Ingrid, 25 Jahre alt, wurde erstochen, gehäutet und ausgeweidet. Fátima (7) wurde vom Schuleingang weg entführt und später mit Zeichen von Folter und sexuellem Missbrauch in einer Plastiktüte gefunden. Abril (48) zeigte nach Jahren der Schläge und Drohungen ihren Exmann an und brachte ihn vor Gericht. Dort wurde der einflussreiche Manager gegen Kaution freigelassen – einige Wochen später ließ er Abril von einem Auftragskiller erschießen. Die Liste der ermordeten Frauen in Mexiko ist lang, zieht sich quer durch die Gesellschaftsschichten, und die Empörung über die Untätigkeit der Behörden wächst. "Keine einzige mehr" und "Wir wollen uns lebend“ sind  Slogans, unter denen Frauen aller Schichten und Altersklassen seither demonstrieren. 2.833 Frauen wurden 2019 ermordet, doch obwohl das Land Frauenmord als Straftatbestand kennt, wurden nur 726 Fälle als solche katalogisiert. Feministinnen machen dafür Machismus in Justiz und Behörden verantwortlich.

95 Prozent der Morde bleiben straffrei

Dass die Justiz und der Sicherheitsapparat versagen, hat Tradition in Mexiko. Die Straffreiheit liegt bei 95 Prozent - die Chance, für eine Straftat verurteilt zu werden, ist also verschwindend gering – egal bei welchem Delikt. Lange schienen sich die Mexikaner mit dem Rechtsstaatsversagen abgefunden zu haben; bei vielen herrscht außerdem noch Hoffnung, der seit über einem Jahr regierende linkspopulistische Präsident Andrés Manuel López Obrador werde das Problem lösen – obwohl die Gewaltspirale sich seither immer schneller dreht.

Die jüngsten, besonders brutalen Fälle waren aber offenbar der Funken, der das Dynamitfass entzündete. Alle paar Tage kommt es seither an verschiedenen Orten zu Protesten; in Mexiko-Stadt ziehen aufgebrachte Frauen immer wieder vor den Präsidentenpalast und besprühen ihn mit Graffiti. Der Aufschrei hat López Obrador auf dem falschen Fuß erwischt. Sie sollten doch bitte Denkmäler verschonen und ihn in Ruhe arbeiten lassen, entgegnete er bei seiner morgendlichen Pressekonferenz. Er zweifelte erst die Statistiken an und machte dann für die Gewalttaten den „Neoliberalismus der Vorgängerregierungen“ verantwortlich. Zur Beruhigung der Gemüter trug das wenig bei. Für den 8. März haben Frauenkollektive zu landesweiten Protestmärschen aufgerufen, am 9. März sollten alle Frauen zuhause bleiben und in Streik treten. Unter dem Hashtag #UnDiaSinMujeres/Nosotras (Ein Tag ohne Frauen/uns) solidarisierten sich Universitäten, Oppositionsparteien, Richter, Gouverneure, Medien,  Bischöfe und sogar die Streitkräfte mit der Bewegung.

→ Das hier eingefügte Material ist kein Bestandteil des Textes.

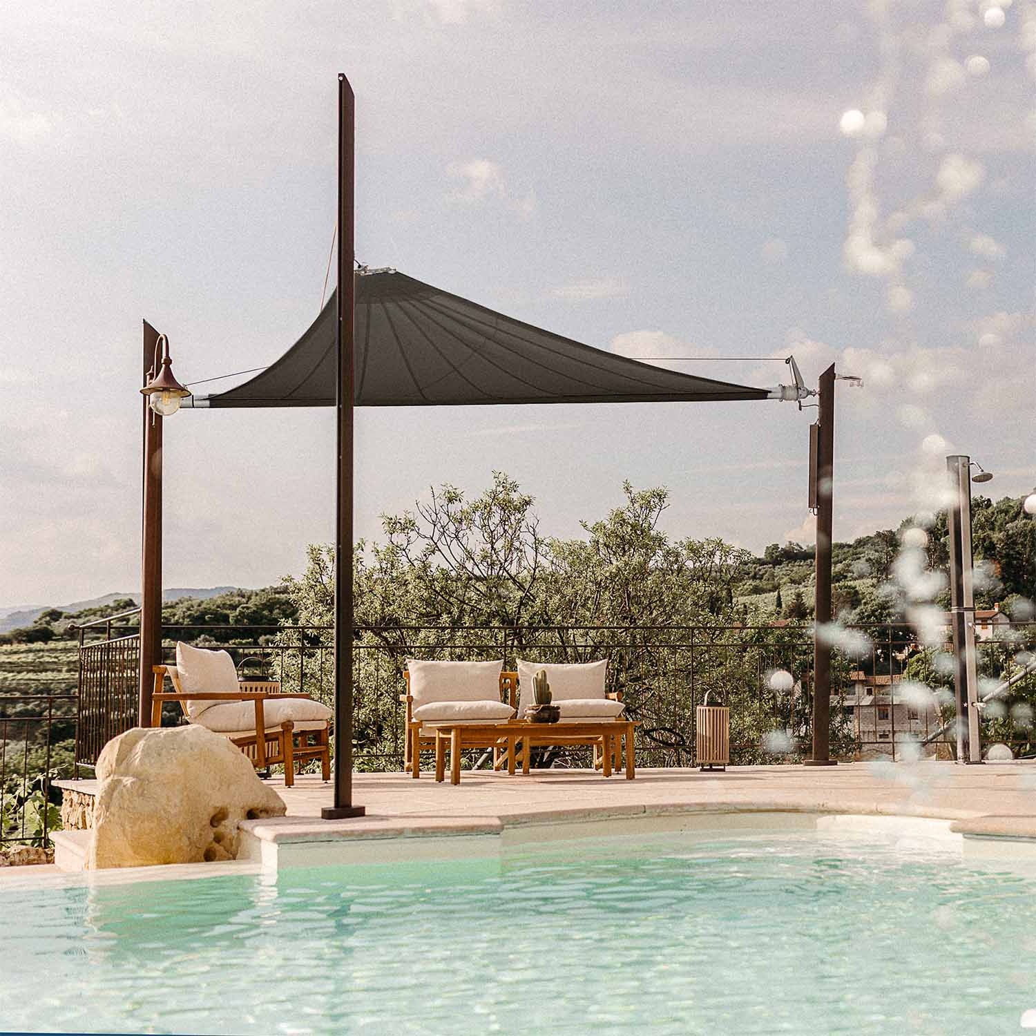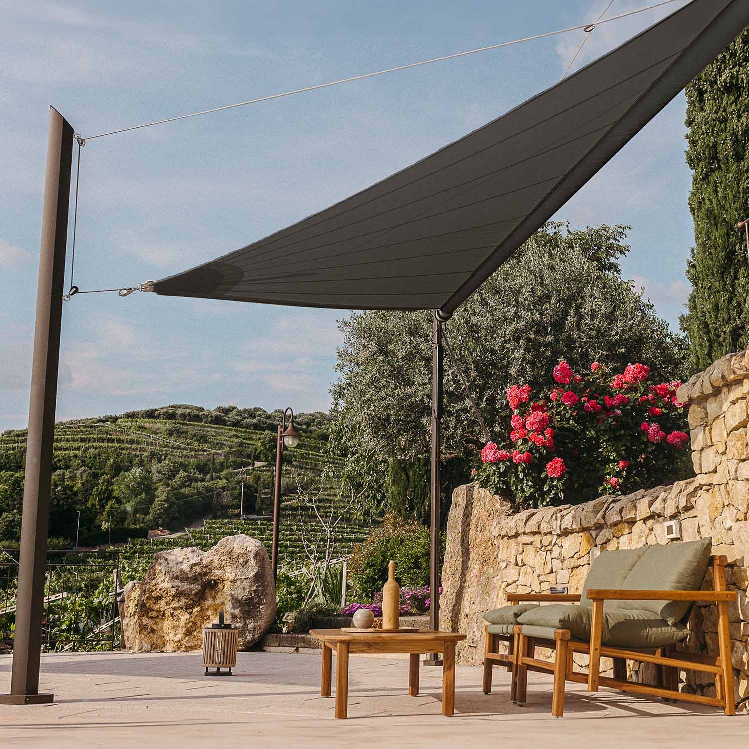 This electric sun shade for patio requires poles specially designed by Maanta, equipped with mounting plates compatible with its motorized connection system. If you're using different poles, they unfortunately won’t work with Zefira.
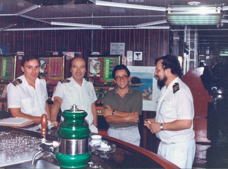 En la foto que acompaña, a bordo del ferry “Ciudad de Santa Cruz de La Palma”, en viaje de Santa Cruz de Tenerife a Sevilla (agosto de 1992). De izquierda a derecha: Carlos Gómez Verges, primer oficial de puente; Francisco Font Betanzos, capitán; Jesús Salgado Álvarez, jefe de prensa de Trasmediterránea; e Ignacio Escarda Salgado, oficial sobrecargo.
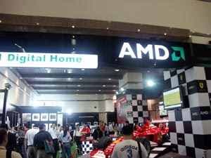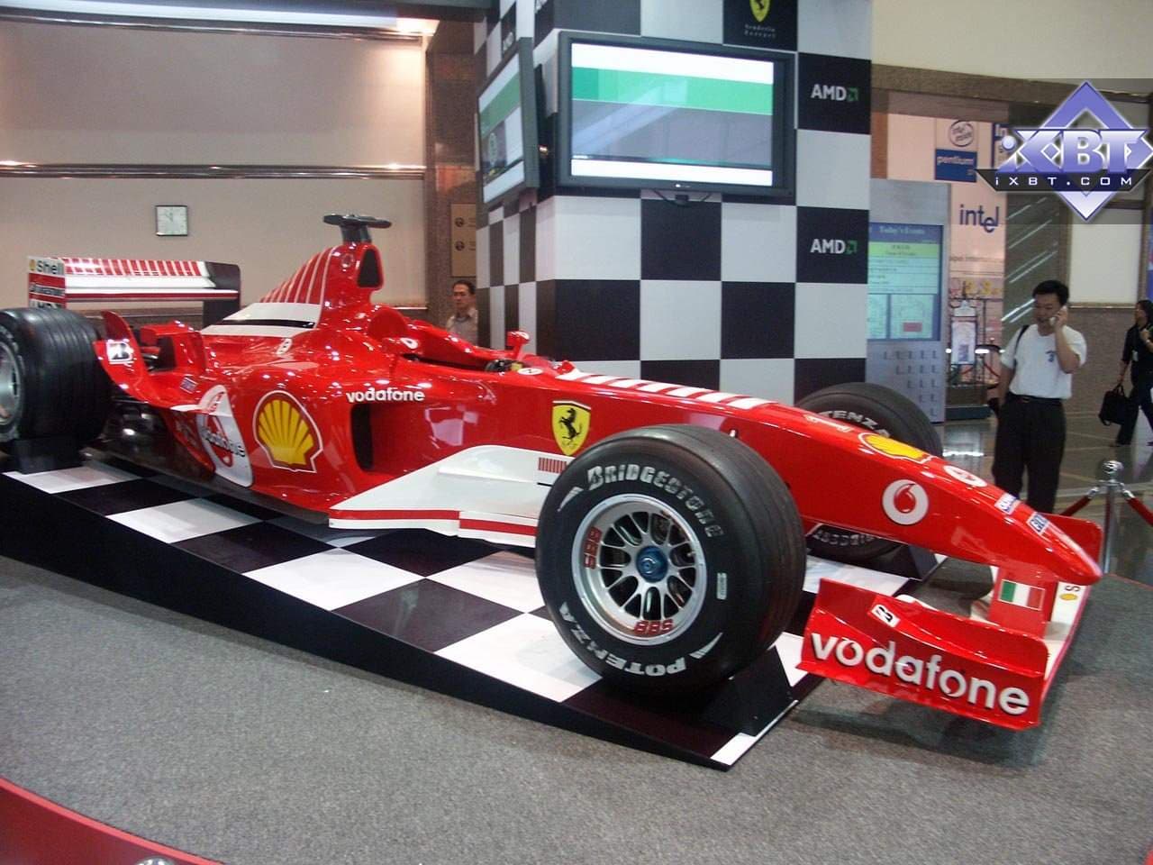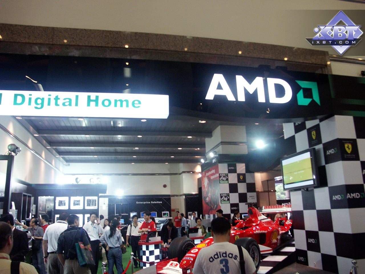 AMD на своем стенде, разумеется, прославляла и расхваливала свое семейство двухядерных процессоров, а также серверные решения на основе Оптеронов. Как мощный маркетинговый инструмент на стенде стоял болид, участвовавший в гонках, где спонсором является AMD.
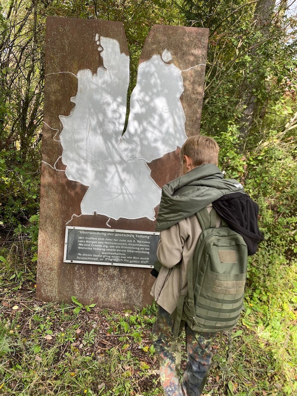 Eine Mischung aus Stolz über die bisherigen Leistungen, trainierte Beine und die Tatsache, das Ziel vor Augen zu wissen wirkte sich in besonderem Maße auf die Motivation der Jugendlichen aus, sodass bereits die ersten 6 km mühelos und in Windeseile bewältigt wurden. Hierbei passierte die Wandergruppe eines der ältesten Grenzmuseen der Bundesrepublik, das Grenzmuseum Schifflersgrund. Neben einem Original-Grenzkontrollhäuschen, konnten viele eindrucksvolle Fahrzeuge und Hubschrauber gesichtet werden.
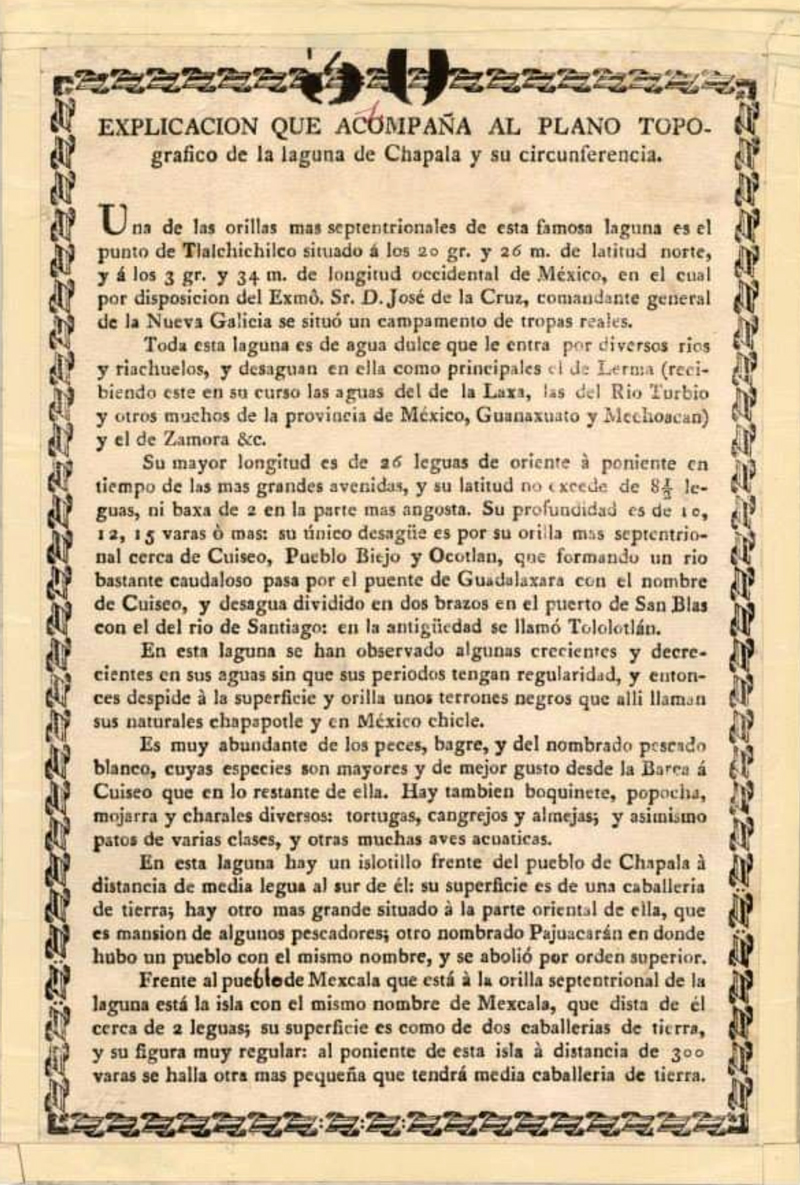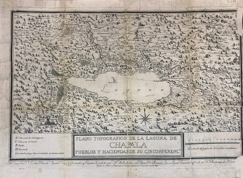 Plano Topográfico de la Laguna de Chapala Pueblos y Haciendas de su Circunferencia 1816 Grabó en México Manuel López López Imprenta de Estampas. Calle de las Escalerillas año de 1816 41x58 cm.
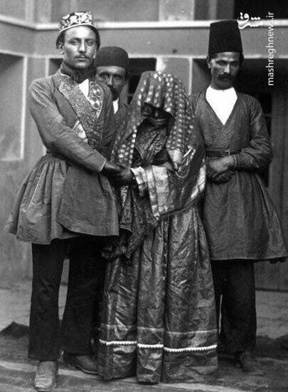 تصویری جالب از یک عروس و داماد در زمان قاجار
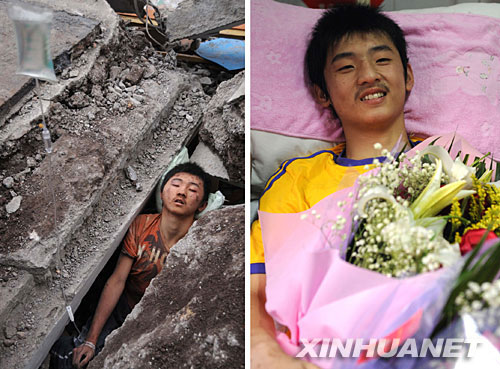 5月24日,廖波在病床上手捧鮮花(右圖)。5月13日,廖波在北川中學(xué)的廢墟里接受緊急救治(左圖 資料照片)。
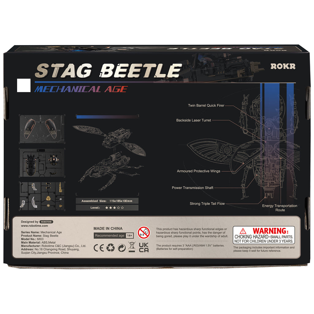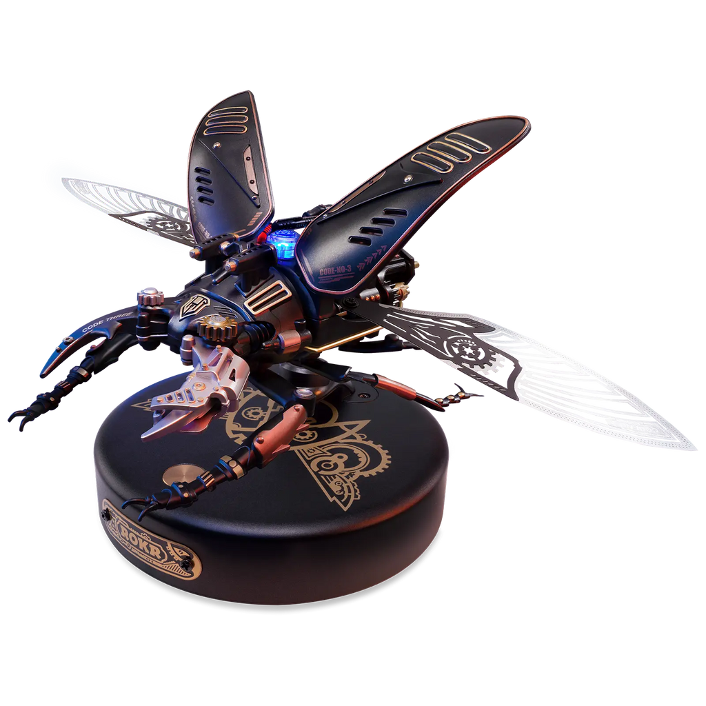 Dit bouwproject is gebaseerd op werkelijke insecten. Je zult versteld staan van de mooie details die de kevers ook in het echt hebben. Maar eh, wat is dan die bonus? Nou, dit insect kan niet alleen 920 keer per minuut trillen met zijn vleugels, hij kan ook iedere twee seconden bijten met zijn kaken! Stoerder kan bijna niet. O, wacht achter aan zijn schild draait nog een wapen en blauw licht schijnt bovenop.
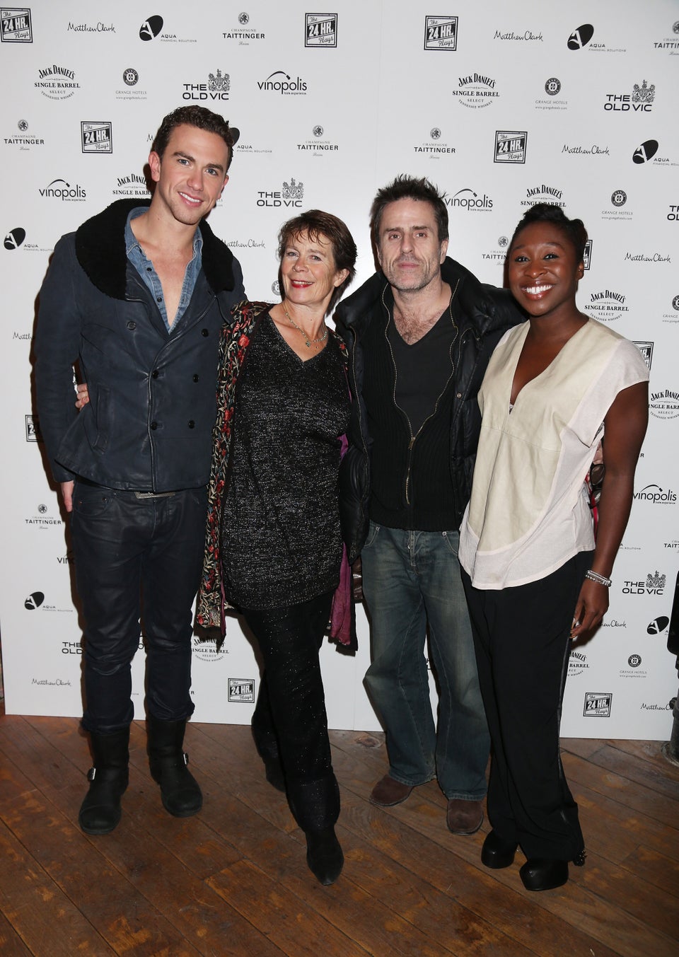 Erivo with Richard Fleeshman, Celia Imrie and Con O'Neill at a post-show party following The Old Vic's 24 Hour Musicals Celebrity Gala in London on Dec. 9, 2012.
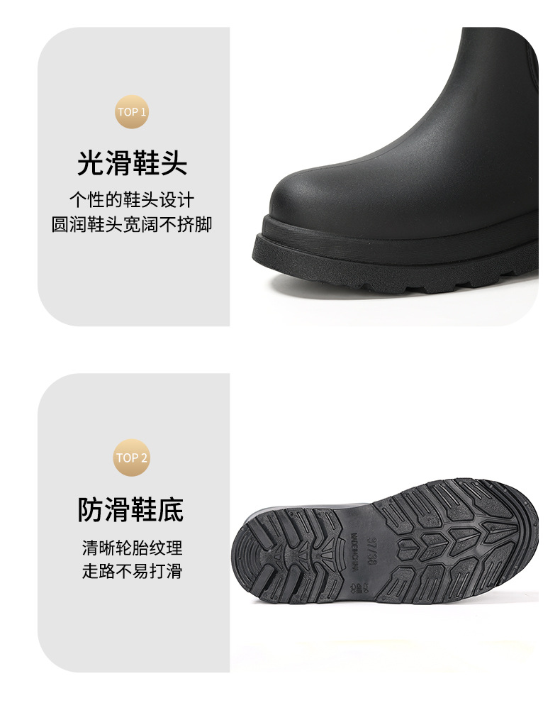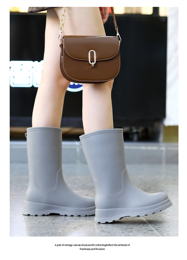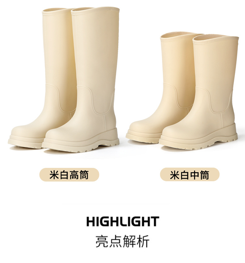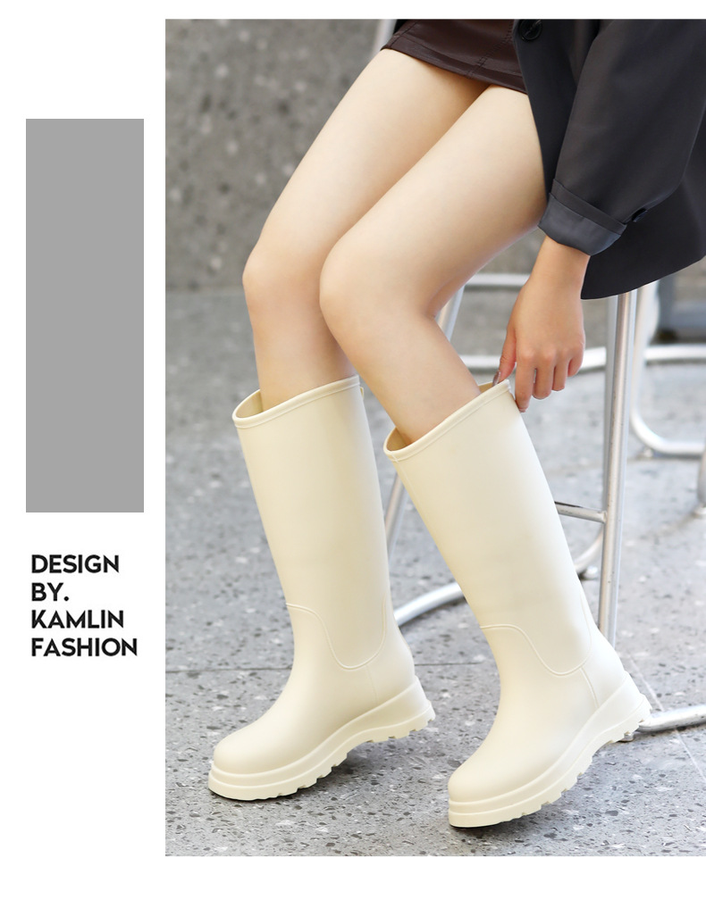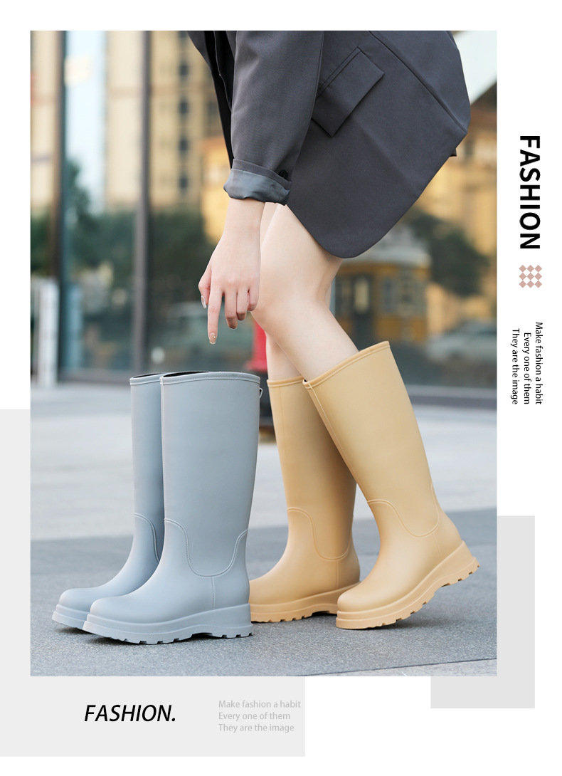 국경 간 높은 금지 비 신발 여성의 유행 외부 착용 미끄럼 방지 한국 방수 신발 내마모성 통합 고무 신발 주방 긴 금지 부드러운 바닥

Streikaufruf "Ein Tag ohne Frauen"

Als der Präsident dahinter eine konservative Manipulation vermutete, reagierte die Propagandamaschine der Regierung umgehend. Die Präsidentengattin, die den Streik zuerst unterstützt hatte, rief stattdessen unter dem Hashtag #NeinZumStreik zu einem „Tag der Solidarität mit den Frauen und der Regierung“ auf. Diese Irritation erklärt die Journalistin Ivonne Melgar so: „Die Frauenbewegung stellt den Präsidenten unerwartet auf die Probe und drängt ihm eine neue Agenda auf. Jenseits von Parteigrenzen haben die Frauen die Blindheit des Staates gegenüber Ungerechtigkeit und Straffreiheit sichtbar gemacht.“

Mexikos Senat reagierte reflexartig mit einem Vorstoß, das Strafmaß auf Frauenmord um fünf auf bis zu 65 Jahre zu erhöhen. Erst wenige Tage zuvor hatte Generalstaatsanwalt Alejandro Gertz Manero laut darüber nachgedacht, den Straftatbestand ganz zu streichen, weil Mord ja ausreiche. „Das wird das Problem nicht lösen“, gab Monica Meltis zu bedenken, deren Organisation Data Civica die Frauenmorde katalogisiert und analysiert. Das Problem beginne bei trägen Polizisten, unwilligen Staatsanwaltschaften, gehe über eine Gesellschaft, die Gewalt gegen Frauen als Privatangelegenheit sehe und ende bei nicht vorhandenen Statistiken. „Wenn wir überhaupt keine vernünftigen Daten haben, können wir auf der Suche nach Strategien nur blind im Nebel herumstochern“, kritisierte sie.